ABOUT THIS TASK: Keep every word of the listing and drop the images when you write it out.

SOURCE DATA:
__________________________________________________

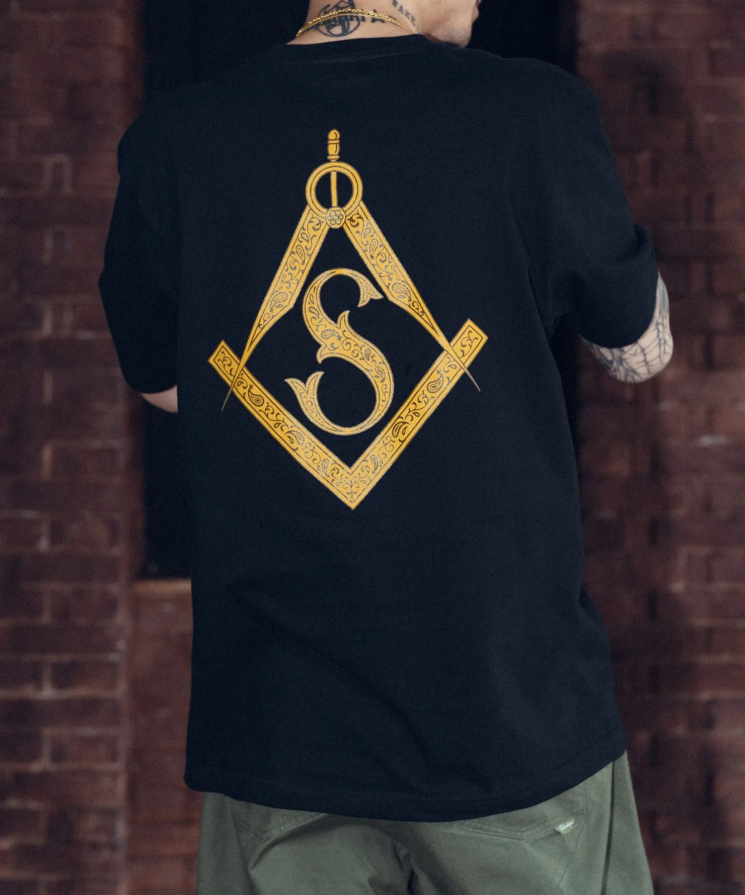 Логотип включает в себя инициал бренда S, линейку, циркуль и узор пейсли.
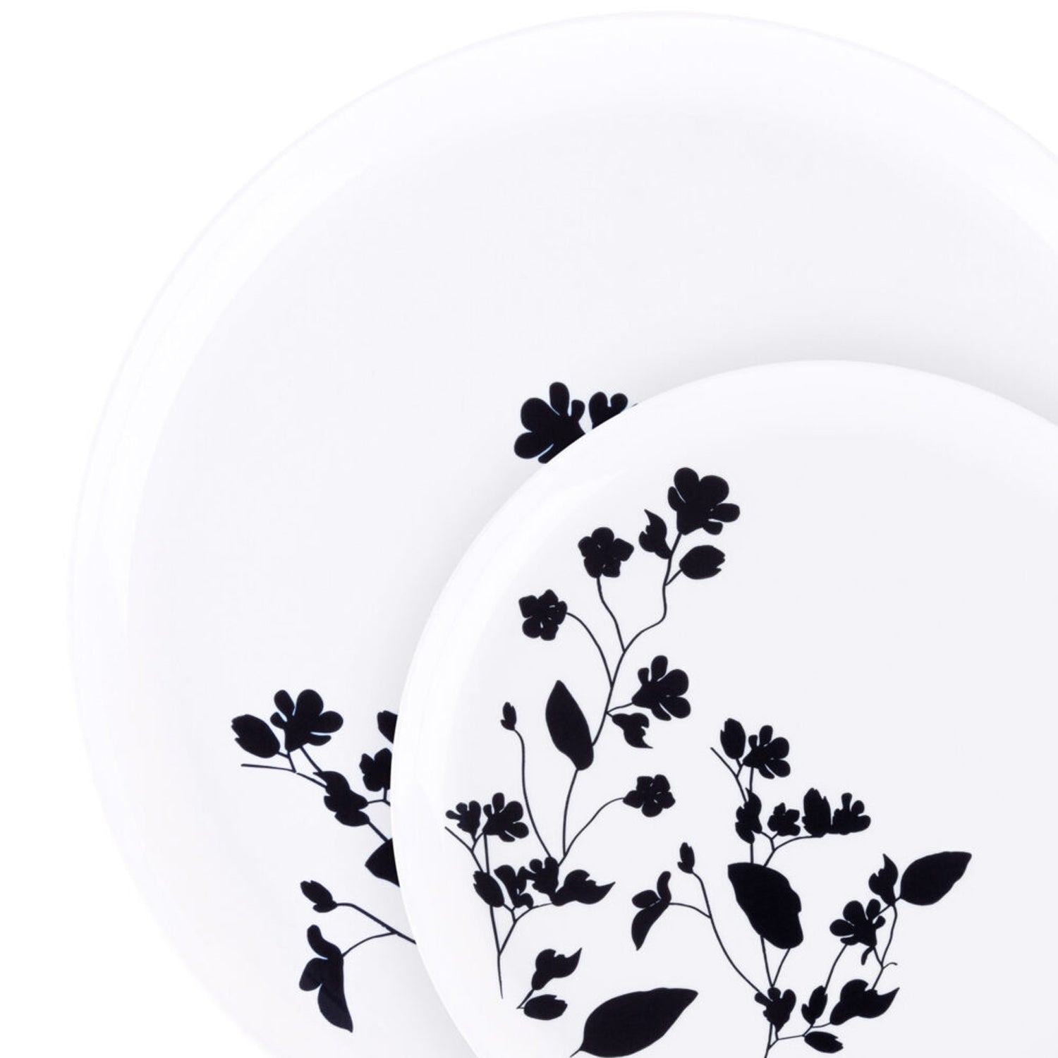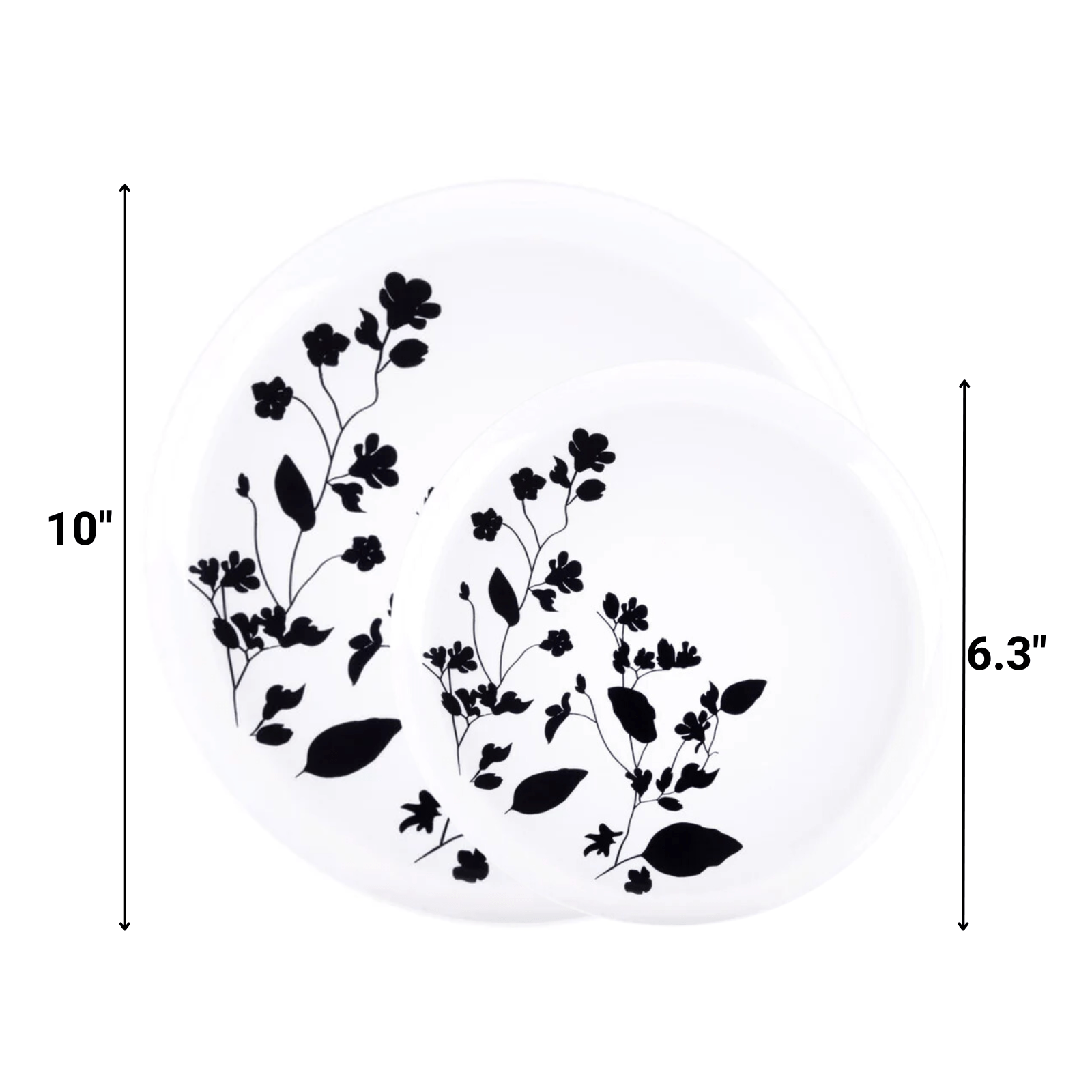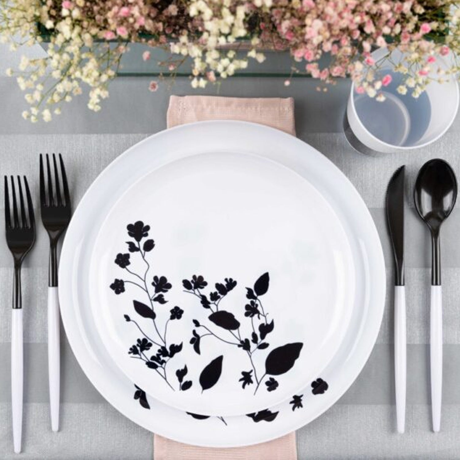*BUY BULK* Garden Collection White and Black Round Disposable Plastic Dinner Tableware COMBO Set
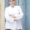 Woman chef jacket, modern and cool fit. Extractable buttons in silver plastic, pocket on the breast and pen-holder pocket on the left sleeve.

__________________________________________________

RESULT:
 Логотип включает в себя инициал бренда S, линейку, циркуль и узор пейсли.
*BUY BULK* Garden Collection White and Black Round Disposable Plastic Dinner Tableware COMBO Set
 Woman chef jacket, modern and cool fit. Extractable buttons in silver plastic, pocket on the breast and pen-holder pocket on the left sleeve.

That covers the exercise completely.